For these reasons, concludes the Court of Cassation, it is not relevant the reference to Case law relating to extra-work behaviour, «since – in any case – it must be specified that even the extra-work character of a behaviour does not generally preclude disciplinary sanctions, since Articles 2104 and 2105 of the Italian Civil Code, referred to by the provision of Article 2106 of the Italian Civil Code concerning disciplinary sanctions, are not to be interpreted restrictively and do not exclude that the duty of diligence of the employee also refers to the various instrumental and complementary duties that contribute to qualify the employment relationship».
Finally, the Court also dismisses the further ground of appeal, namely the argument that the conduct of the worker was a mere dispute without any violence and therefore, as such, did not was part of the infringement for which the NCBA applied provides the dismissal for just cause.
On this point, the Supreme Court notes that the scale of values adopted in the NCBA constitutes one of the parameters to be referred to for the purposes of the assessment of the specific case in the general clause in Article 2119 of the Civil Code.
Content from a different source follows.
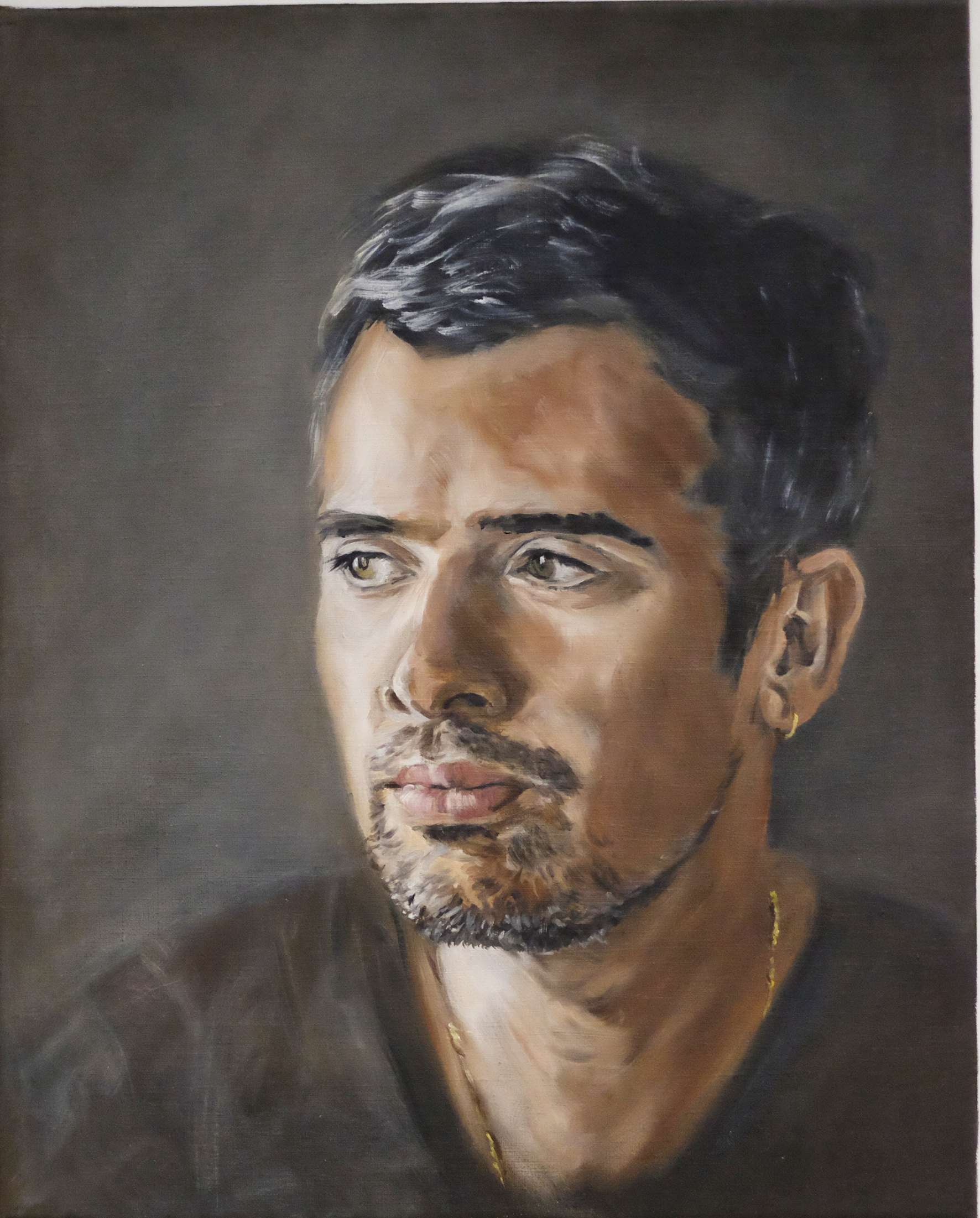 RC Ik wil vooral weten hoever ik met mijn schilderkunst sta in het bijzonder het portret. Ik vrees dat ze mijn werken te braaf zullen vinden. Ik werk vooral fotografisch realistisch tegen de heersende smaak in. Gelijkenis is voor mij belangrijk. Wat me intrigeert is het spel van licht en schaduw. Omdat die zoveel over een persoon vertellen schilder ik graag de handen erbij. Met mijn portretten geef ik graag het innerlijke weer en schilder daarom het liefst naar model. Ik hou van een warme uitstraling die van het doek uitgaat. Mensen moeten blij mijn atelier verlaten. Naar model schilderen is niet altijd mogelijk, dan werk ik vaak naar foto’s. Die foto’s neem ikzelf, het moeten goede foto’s zijn die het karakter van het model weerspiegelen.

However, this does not detract that «even when the conduct is theoretically corresponding to the contractually typified case, it must still be attributable to the legal concept of just cause, through a concrete assessment of the proportionality between sanction and infringement, also from the subjective point of view of fault or intent (see Court of Cassation no. 9396 and 28492 of 2018, no. 14063 of 2019, as well as Court of Cassation no. 8826 of 2017, no. 27004 of 2018 and no. 19023 of 2019)».
Finally, with reference to the assessment of the proportionality of the sanction, according to the Supreme Court, the judicial investigation must be aimed not only at verifying whether or not the fact charged can be traced back to the provisions of collective bargaining that allow for the sanction of the dismissal «but also, through an assessment in concrete terms, whether the conduct was carried out, by its seriousness, is likely to cause irreparable damage to the employer’s trust and to lead to the belief that the continuation of the relationship is prejudicial to the company’s aims, with particular attention to the conduct of the employee that shows a lack of inclination to diligently implement the obligations undertaken and to comply with the canons of good faith and correctness (see Cass. 18195 of 2019)».